=== Work request ===
Print the listing below exactly, images excluded.

=== Data block ===
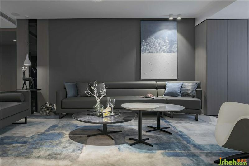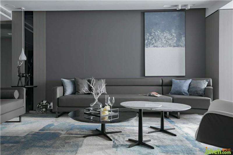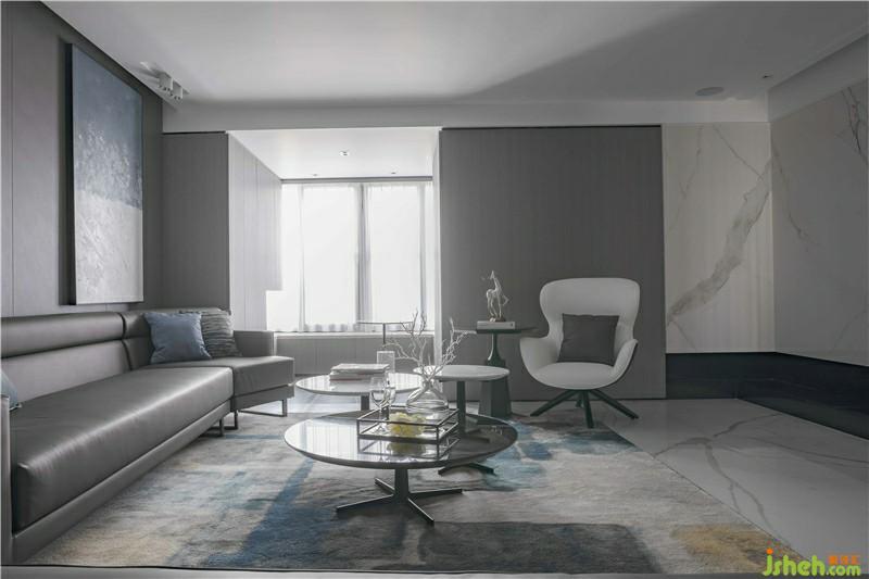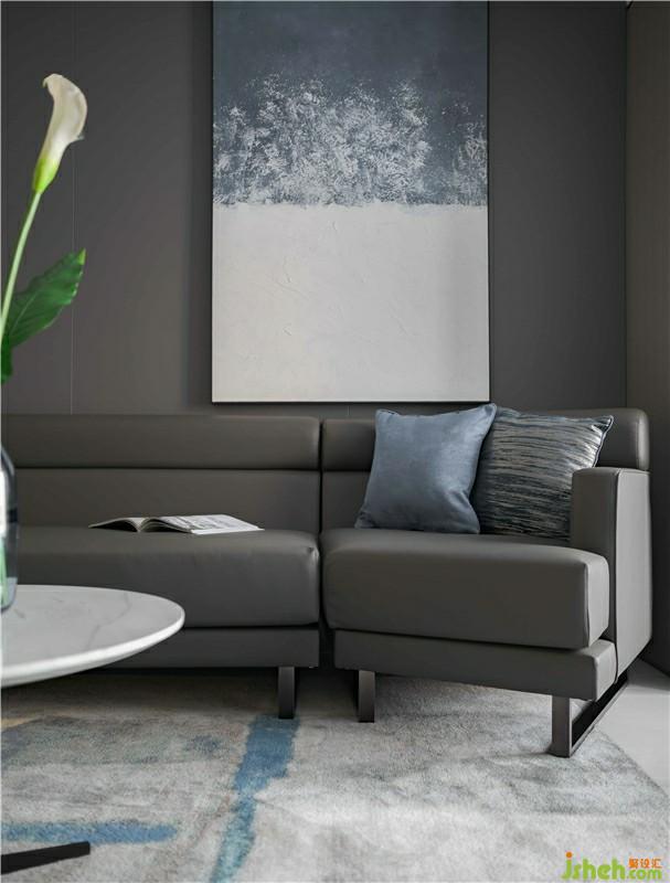 客厅空间整体视觉是现代简约,大理石背景墙的温润内敛搭配木质的木质感;灰色沙发颜色呼应空间整体色调;蓝色抱枕与蓝色海浪装饰画:浪拍打激起层层浪花,给空间带来勃勃生机,色觉跳跃活泼;利用简单的线条,带来视野的空阔感,空间干净利落,具现大气、个性、简约。
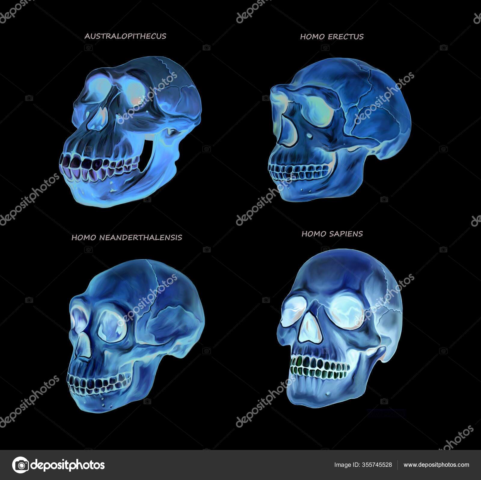 Evolution Of Human Skull ( Sahelanthropus Tchadensis . Australopithecus Africanus . Homo Erectus . Homo Neanderthalensis . Homo Sapiens ) . Stock Photo, Picture and Royalty Free Image. Image 87491769.
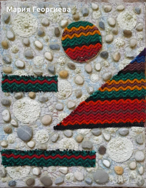 4. 25х30 / платно на подрамка, смесена техника с морски миди и камъчета / 150 лв.
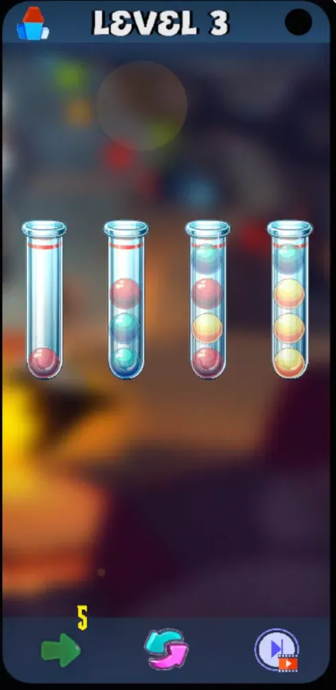 The journey begins with the easy level, perfect for those who want to take it slow and enjoy the soothing rhythm of sorting colors. Each level presents a set of differently colored balls scattered across various tubes. Your task is straightforward—arrange them so that each tube contains only one color. This mode is ideal for beginners or anyone seeking a calming activity to relieve stress after a long day. The vibrant visuals and smooth gameplay make it a relaxing escape into a world of color harmony.

=== Output of the task ===
 客厅空间整体视觉是现代简约,大理石背景墙的温润内敛搭配木质的木质感;灰色沙发颜色呼应空间整体色调;蓝色抱枕与蓝色海浪装饰画:浪拍打激起层层浪花,给空间带来勃勃生机,色觉跳跃活泼;利用简单的线条,带来视野的空阔感,空间干净利落,具现大气、个性、简约。
 Evolution Of Human Skull ( Sahelanthropus Tchadensis . Australopithecus Africanus . Homo Erectus . Homo Neanderthalensis . Homo Sapiens ) . Stock Photo, Picture and Royalty Free Image. Image 87491769.
 4. 25х30 / платно на подрамка, смесена техника с морски миди и камъчета / 150 лв.
 The journey begins with the easy level, perfect for those who want to take it slow and enjoy the soothing rhythm of sorting colors. Each level presents a set of differently colored balls scattered across various tubes. Your task is straightforward—arrange them so that each tube contains only one color. This mode is ideal for beginners or anyone seeking a calming activity to relieve stress after a long day. The vibrant visuals and smooth gameplay make it a relaxing escape into a world of color harmony.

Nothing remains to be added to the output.